Disclaimer: Colin Beckett, the author of this article, is not an attorney. None of the following should be construed as legal advice.
In August 2021, the US Supreme Court overturned the Biden administration’s executive order to extend a federal “eviction moratorium” first established by Congress in March 2020 and then extended by the CDC in July of that year. This ended the only nationwide protections offered to tenants at risk of eviction during the pandemic, and removed one of the last flimsy barriers between many people across the country and homelessness.
For tenants in Los Angeles, the CDC order functioned primarily as a life raft for those who had lost pre-pandemic unlawful detainer (UD) judgements and managed to stay in their homes. For the rest, the most substantial measures came first at the city and then the state level. This is why the federal “eviction moratorium” is a misnomer: from the outset, it did little to keep tenants in their homes, instead providing them with temporary affirmative defenses if their landlord filed suit. This meant tenants who did not understand the process or could not find an attorney were left to fall through the cracks, and tenants who could not fully pay every dollar were provided no guarantee that they would remain protected after the expiration of the order. Each time the federal orders lapsed and were then renewed, landlords could force their tenants back into court to once again defend themselves on the same basis or otherwise face a lockout.
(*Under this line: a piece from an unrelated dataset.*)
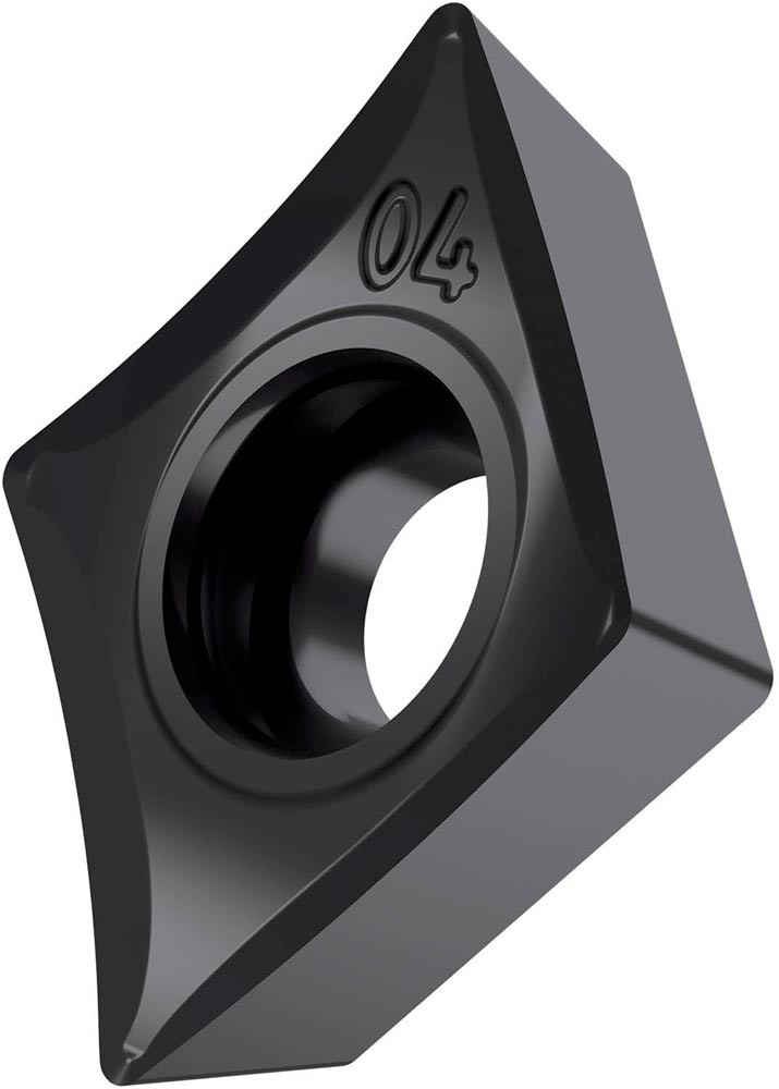 Einseitige positive Drehwendeschneidplatte · 75° Rhombisch mit 7° Freiwinkel · Innenkreisdurchmesser von 7.94mm · 3.18mm Dick · 0.4mm Radius · Indexgenauigkeit nach ISO-Toleranzklasse-G · Spanbrecher SF3 mit verrundeter Schneidkante · im Substrat T6310 · PVD beschichtet WC-Co Feinstkornsubstrat in den ISO-Bereichen M01 -M15/N05 -N20 und S01 -S15 · zum schlichten bis medium bearbeiten von nichtrostenden Stählen · Nichteisenmetallen und Superlegierungen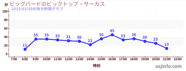 • ビッグバードのビックトップ・サーカス$B$N(B2023年03月30日の待ち時間

In the early months of the pandemic, the City of LA passed temporary eviction protections that were tied to the state-mandated emergency order, effectively backdated to March 4, 2020, which allowed tenants to defer rent payments without risking legal eviction. In August 2020, the California state legislature passed AB-3088, which established a statewide set of temporary protections and clarified what tenants could expect from courts after the emergency deferral period was over. At the same time, the law — written with input from the California Apartment Association, the state’s most powerful landlord lobbying group — restricted the ability of municipalities to offer tenants additional protections against nonpayment evictions for a set period after its expiration. First set to expire in fall 2020, the protections outlined in AB-3088 have been extended several times, most recently with AB-832, which ends the term on September 30, 2021.
Barring any additional extension, which seems highly unlikely to both tenant organizers and Sacramento whisperers, many of the key protections will expire on September 30, fully reopening the courts and, for the first time since April 2020, putting tenants in Los Angeles who cannot pay their full rent on time at risk of eviction.
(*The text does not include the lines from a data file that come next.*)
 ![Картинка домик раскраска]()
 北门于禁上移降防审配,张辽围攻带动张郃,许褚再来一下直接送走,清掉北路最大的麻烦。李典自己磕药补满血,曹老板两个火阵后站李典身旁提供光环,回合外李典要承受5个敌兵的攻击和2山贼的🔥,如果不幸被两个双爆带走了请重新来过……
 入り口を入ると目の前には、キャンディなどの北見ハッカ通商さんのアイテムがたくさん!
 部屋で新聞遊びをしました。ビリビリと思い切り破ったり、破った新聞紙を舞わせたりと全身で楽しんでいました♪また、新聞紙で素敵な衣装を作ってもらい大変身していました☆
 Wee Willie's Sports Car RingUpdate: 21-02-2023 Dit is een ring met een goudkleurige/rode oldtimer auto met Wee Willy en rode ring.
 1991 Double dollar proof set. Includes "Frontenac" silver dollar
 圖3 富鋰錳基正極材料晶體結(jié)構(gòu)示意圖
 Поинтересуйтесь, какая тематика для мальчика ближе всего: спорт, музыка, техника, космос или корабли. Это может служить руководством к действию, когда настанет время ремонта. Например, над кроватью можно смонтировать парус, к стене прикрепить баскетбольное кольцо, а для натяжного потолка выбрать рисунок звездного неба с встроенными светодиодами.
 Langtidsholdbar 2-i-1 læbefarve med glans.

What’s Next for Los Angeles Tenants
The rules first established by AB-3088, and most recently extended by AB-832, gave tenants the ability to defer rental payments during the period covered by the laws without risking legal eviction. This means that any rental payments missed between March 2020 and September 2021 would not give the landlord legal grounds for unlawful detainer, provided the tenant jumps through the required hoops:
- Beginning in August 2020, landlords could send a 15-day notice to pay or quit for any missed rental payments. But to be valid, the notice must include a declaration of COVID hardship, which the tenant could sign under penalty of perjury and return within the 15-day window to void the notice. The law entitles the landlord to send a new notice every month that payment was deferred, requiring the tenant to sign and return it every time this happens. Failure to return a notice in time could be grounds for eviction.
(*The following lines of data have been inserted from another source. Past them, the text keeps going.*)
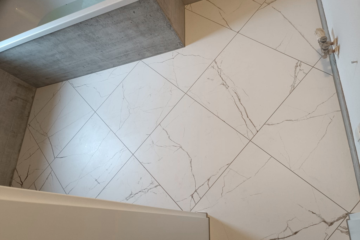 ✔ Boden: 60x60 cm Marmoroptik, diagonal verlegt für eine besondere Raumwirkung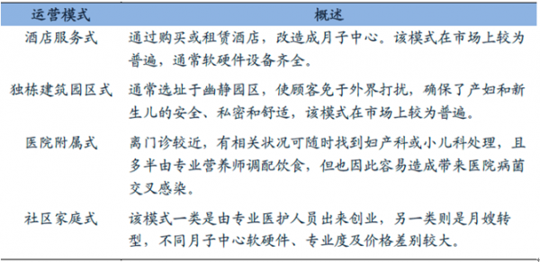 3、月子中心作為一個新興行業,從國家到地方暫時都沒有完善的相關法規和準入制度。因此,不同月子中心在區位環境、床位數量、人員素質等方面可能存在較大差異,從服務價格上的差距也能看出一二。目前,國內的月子中心主要包括酒店服務式、獨棟建筑園區式、獨棟建筑園區式和社區家庭式四種運營模式。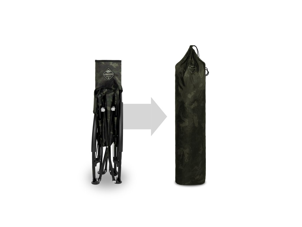 Na boku židle se nachází praktická kapsa na odložení oblíbeného nápoje, telefonu nebo drobného příslušenství. Nechybí ani úchyt pro pohodlný transport. LOWRIDE je navíc vybaveno suchými zipy, které slouží k fixaci během přenášení.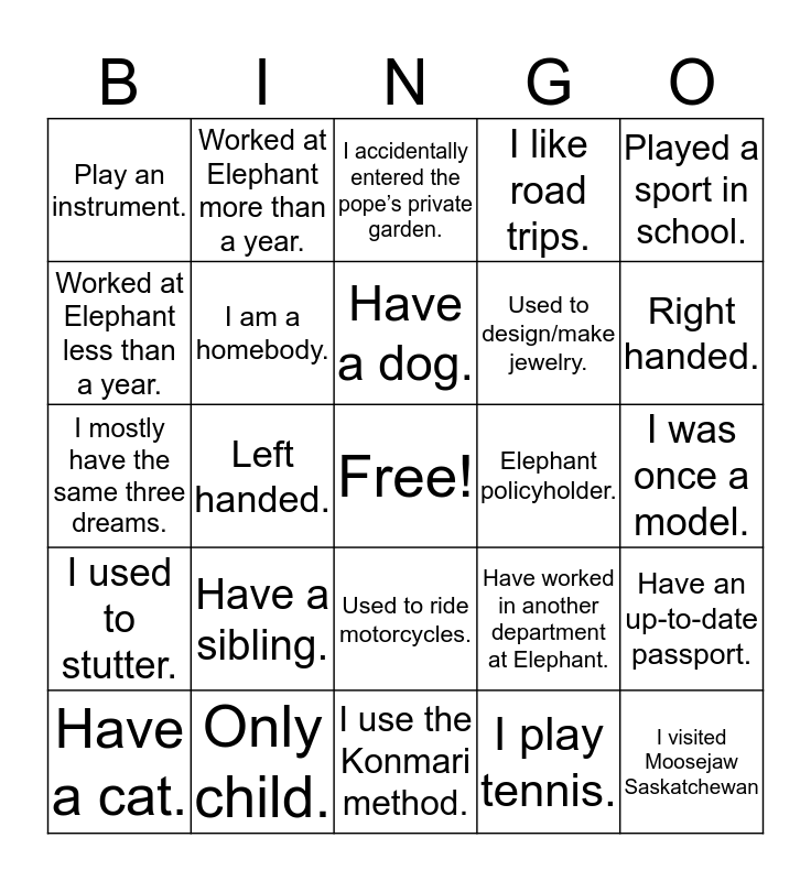 This bingo card has a free space and 24 words: Have a sibling., Only child., Have a dog., Have a cat., Played a sport in school., Play an instrument., Worked at Elephant less than a year., Worked at Elephant more than a year., Elephant policyholder., Used to ride motorcycles., Used to design/make jewelry., I mostly have the same three dreams., Have worked in another department at Elephant., Have an up-to-date passport., I am a homebody., I play tennis., I was once a model., I accidentally entered the pope’s private garden., Right handed., Left handed., I visited Moosejaw Saskatchewan, I used to stutter., I like road trips. and I use the Konmari method..

- Additionally, the tenant is required to pay 25% of the full amount owed between September 2020 and September 2021, no later than September 30, 2021. It doesn’t matter if you make the payments all at once or go month by month, so long as the landlord receives 25% of the total amount due since last September (just make sure you can document it).
If you have been deferring rent and haven’t taken either of these steps, the most important thing to do now is to make sure you submit a hardship declaration and pay the 25% before September 30. By law, tenants are only required to submit the declaration in response to a 15-day notice, but even if you haven’t received one, the safest move is to send one anyway and document the service, leaving a little less room for your landlord to lie the court and say you were served (in general, you should assume the court will take your landlord’s word and treat you as if you’re lying unless you can definitively prove otherwise). Angelenos can contact the nearest local of the LA Tenants Union (LATU) to receive a template declaration. [Ed. note: Colin Beckett is a member of LATU].
If you take these steps, the state eviction protections remain permanent, and your landlord can never evict you on the basis of rent payments missed between March 2020 and September 2021. But, as far as the law is concerned, you still owe the balance due.
Tenants in the City of Los Angeles who cannot or will not pay 25% of rent deferred will not necessarily face legal eviction, however. The legal defenses extended to tenants by the city do not require tenants facing COVID — related hardship to pay anything at all to — and those protections are set to remain in effect throughout the length of the Local Emergency Order (initially declared on March 4, 2020 and still in effect), and for 12 months after. Provisions in the state limiting the activity of municipalities in regard to nonpayment evictions suggest that, at the very latest, that city mandates would give tenants an affirmative defense against COVID-period nonpayment eviction through May 31, 2023.
LA City Attorney Mike Feuer has indicated that, by his estimation, LA tenants will be able to defend themselves from nonpayment eviction with the city order even after the state law expires — and eviction defense attorneys have told organizers that they are ready to make this case in court. The textual basis for the argument is strong, but whether or not courts, notoriously hostile to tenants even when the letter of the law appears to be on their side, will accept it remains to be seen.
Additionally, while the state law limits the protection that municipalities can offer tenants facing nonpayment eviction, it does not prevent them from extending or expanding protections against eviction for issues like additional tenants or nuisance.
If you want to avert eviction, taking the steps outlined by the state law is your safest move. But those who cannot pay a portion of their debt without sacrificing necessities — or want to knowingly take the risk in order to combat the landlord’s state-backed extortion — should make the fullest use of the city protections.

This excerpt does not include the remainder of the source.